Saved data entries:

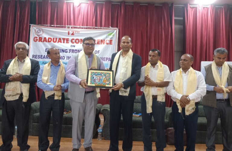 महेन्द्रनगर (धनुषा), । अनुसन्धान र नवप्रवर्तनसम्बन्धी विषयमा केन्द्रित १२औँ स्नातकोत्तर सम्मेलन आज देखि जनकपुरधाममा सुरु भएको छ । राजर्षि जनक विश्वविद्यालय, अनुसन्धान केन्द्र जनकपुरधामको आयोजनामा भएको सो सम्मेलनको उद्घाटन गर्दै मधेस स्वास्थ्य विज्ञान प्रतिष्ठानका उपकुलपति डा।अन्कुर साहले मुलुकको समग्र विकासका लागि अनुसन्धानलाई प्राथमिकता राख्नुपर्ने बताए ।
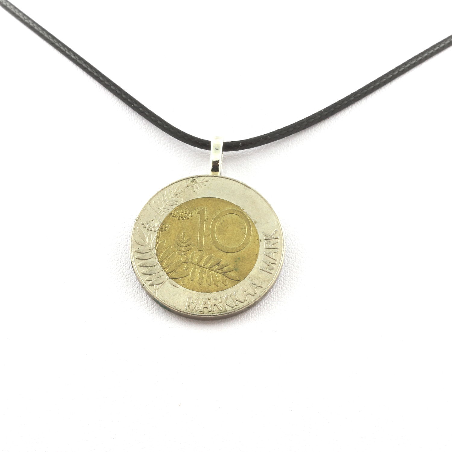 Authentic Coin Pendant Finland 10 marks + black leather cord (length 45 to 50 cm).
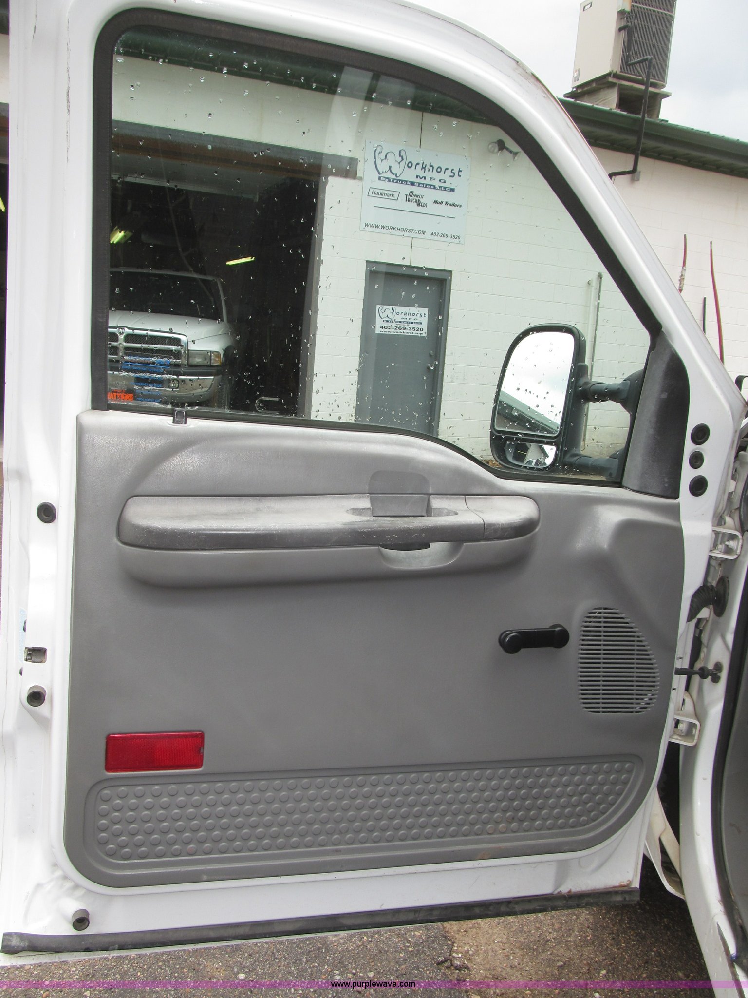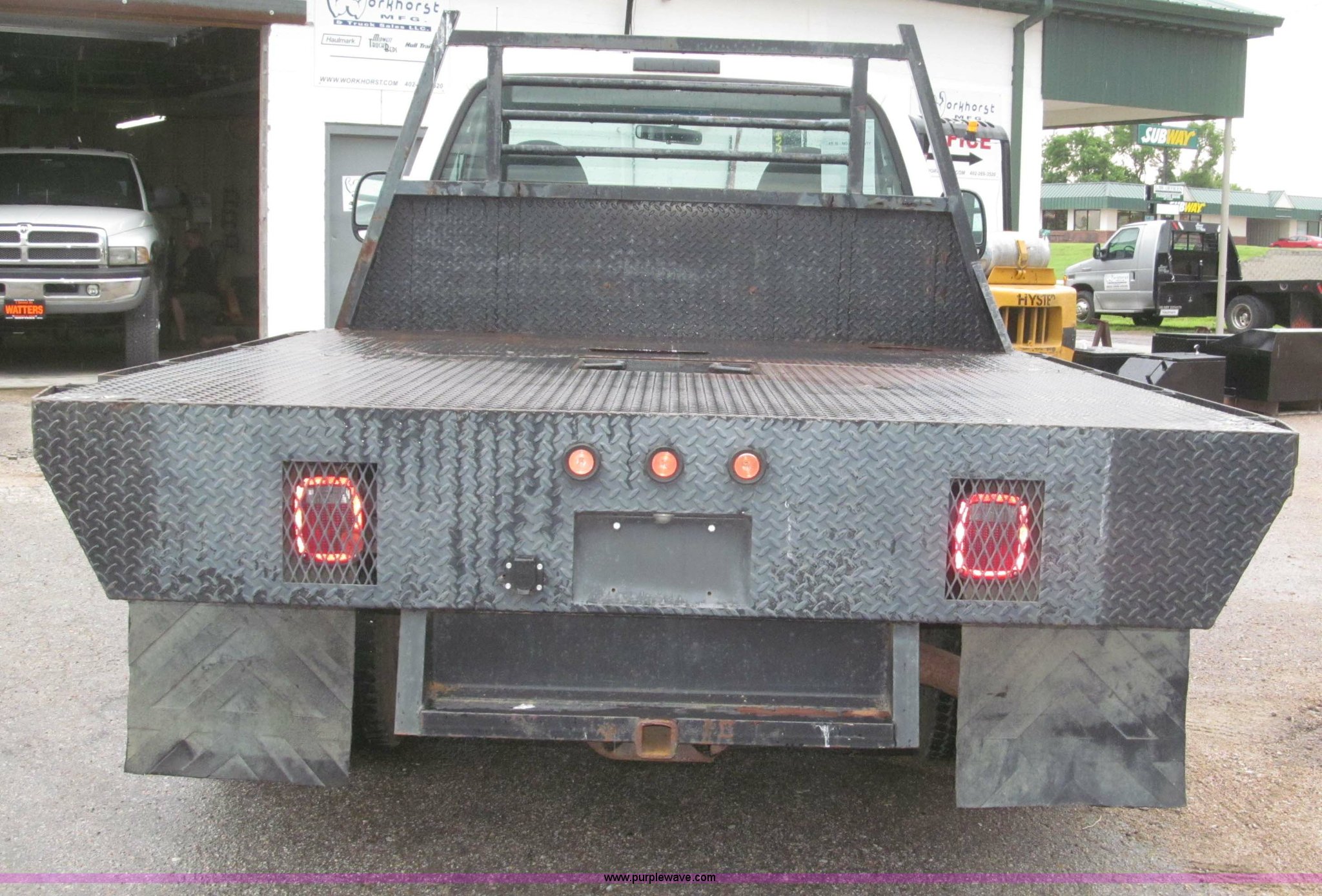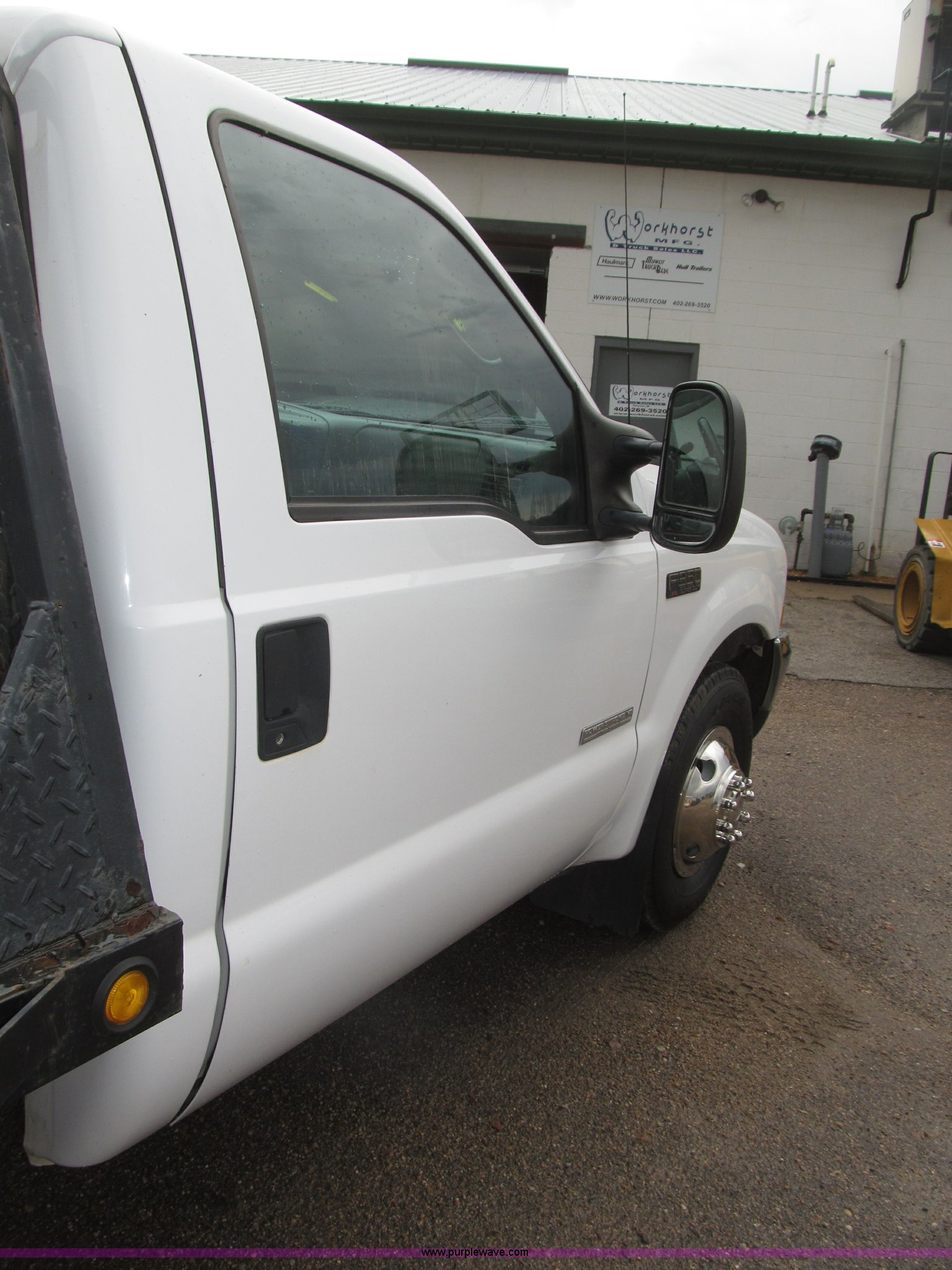 2004 Ford F350 XL Super Duty flatbed truck. 174,899 miles on odometer, 6.0L V8 OHV 32V turbo diesel engine, Automatic transmission, AC and heat, Tilt, Cruise, Pyle Plus PLRCE19U AM/FM/USB/cassette, Manual windows and locks, Cloth interior, J&I 9'L x 92 3/4"W flatbed Rub rails, Four stake pockets per side, Tread plate design, 40"H headache rack Window, Opening in floor for gas bottle, Block heater, Tow hooks, Clearance lights, Recessed gooseneck ball, Receiver hitch, Trailer wiring, Treadstone 235/85R16 front tires, BF Goodrich LT235/85R16 rear tires, Fuel injectors replaced within last six months, Fuel injection control module and high pressure oil pump replaced in the last six months, Front tires replaced June 2013, Recently replaced camshaft sensor and fuel filter, Interior/exterior cosmetic damage, Seat torn, Manuals. 1FDWF36P24EB04167. View equipment video. Shipping quotes available. Workhorst Manufacturing and Truck Sales. 1201 Park Street STE A. Syracuse, NE 68446
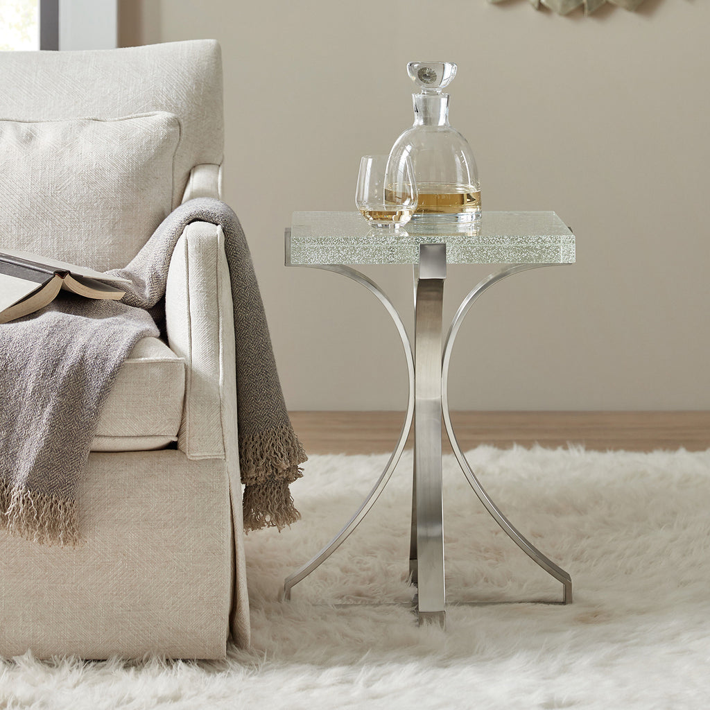 Infuse your space with a dash of bling and sparkle with the Bubble Glass Accent Table. Crafted with a chrome metal base and a bubble glass top, the artistic table has a contemporary chic that will add charm to any space.
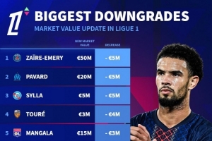 法甲球員身價下跌榜:扎伊爾-埃梅里、帕瓦爾、希拉-500萬歐居首
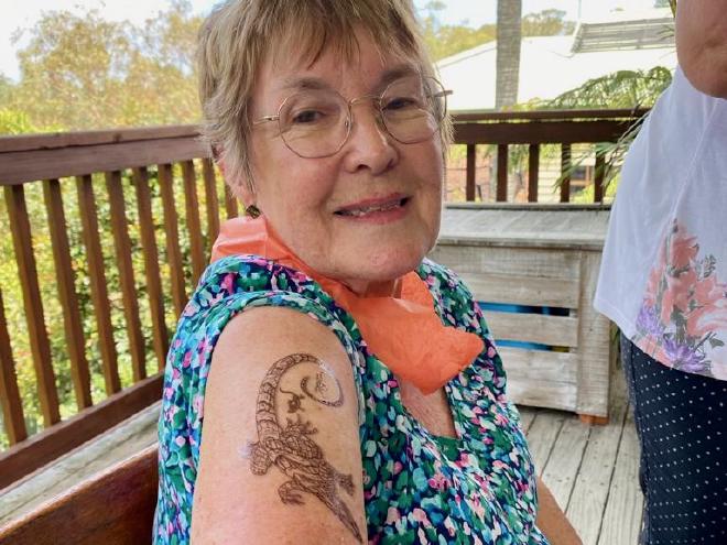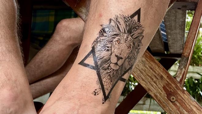 Greg also got a temporary tattoo, which he put on above his ankle (one of the few mostly-hairless parts of his body!)

» **Exercise instructions**: Copy exactly the lines that run from the one containing "Infuse your space" to the last line of the records, both included, and leave out every picture.

» **Exercise result**:
 Infuse your space with a dash of bling and sparkle with the Bubble Glass Accent Table. Crafted with a chrome metal base and a bubble glass top, the artistic table has a contemporary chic that will add charm to any space.
 法甲球員身價下跌榜:扎伊爾-埃梅里、帕瓦爾、希拉-500萬歐居首
 Greg also got a temporary tattoo, which he put on above his ankle (one of the few mostly-hairless parts of his body!)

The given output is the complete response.